Poor Leo has to cover up for Rod's endless blather and blunders. Please TSN put in someone who knows about the game - how about that bald dude from the score? Or Eric Smith or someone who has a genuine intrest and knowledge of the game.

--> end Rant


----------



## speedythief (Jul 16, 2003)

This is something that almost always comes up after a game on TSN or CTV. Rod just doesn't appeal to Raptors fans for a multitude of reasons.

The "bald guy from The Score" (Tim Micallef) is hilarious and I wish he called some games. Usually The Score gets other teams games, or just uses the ESPN audio feed when the Raps are shown.

You can't do any better than Chuck & Jack. Chuck and Leo are alright, maybe cause I'm used to Leo by now...

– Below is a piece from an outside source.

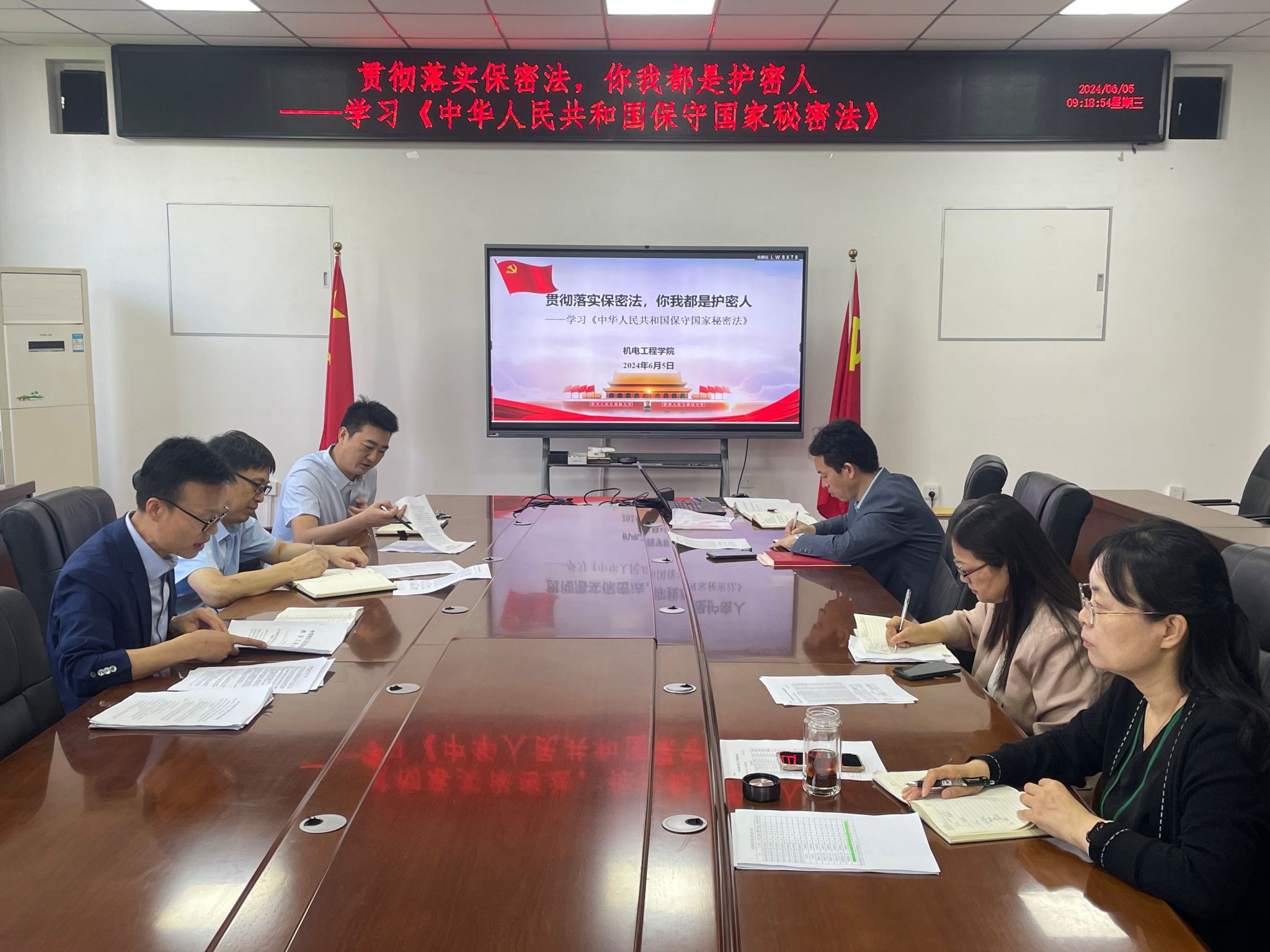 召开专题会议学习《中华人民共和国保守国家秘密法》,会议由学院党委书记程新峰主持,党委委员、理论中心组成员参会。

But when you get into the Rod Black's, the Suneill Joshi's (sp?) and Damian Goddard's... that's a big dip in quality.


----------



## bc_bjorkman (Jul 10, 2003)

i dunno,, i kinda like rod black...and tsn is 10x better than sportsnet


----------



## charlz (Jun 9, 2003)

> Originally posted by <b>bc_bjorkman</b>!
> i dunno,, i kinda like rod black...and tsn is 10x better than sportsnet


What do you like better TSN's graphics?

because Chuck Vs. Rod is a landslide - chuck rocks and his enthusiasm is genuine and rooted in love for the game.


----------



## charlz (Jun 9, 2003)

> Originally posted by <b>speedythief</b>!
> The "bald guy from The Score" (Tim Micallef) is hilarious and I wish he called some games.
> 
> You can't do any better than Chuck & Jack. Chuck and Leo are alright, maybe cause I'm used to Leo by now...


Chuck and Jack are Golden - Leo is a nice color man too.

Chuck Jack = NBA starters
Leo = NBA sixth man of the year
Rod = NBADL water boy:yes:

The thing TSN needs to understand is people can smell a fraud a mile away.


----------



## bc_bjorkman (Jul 10, 2003)

"Chuck and Jack are Golden - Leo is a nice color man too."

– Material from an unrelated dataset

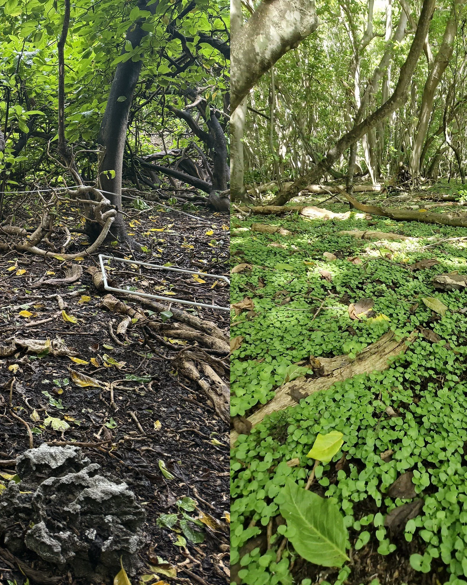 The forest floor in 2024, contrasted with 2025. Native Pisona seedlings rebound one year after restoration! Photo credit: Island Conservation

did u just refer to two men as "golden"

do u listen to the mary poppins soundtrack when nobodys around

do u find it hard to deny the fact that u have a sick obsession for knowledgable male broadcasters


----------



## MentalPowerHouse (Oct 9, 2003)

I have always hated Rod no matter what sport he calls...


----------



## charlz (Jun 9, 2003)

> Originally posted by <b>bc_bjorkman</b>!
> "Chuck and Jack are Golden - Leo is a nice color man too."
> 
> did u just refer to two men as "golden"
> ...


yes,no,no I have a sick obsession with all things hoops but I am strait (not that there is anything wrong with that)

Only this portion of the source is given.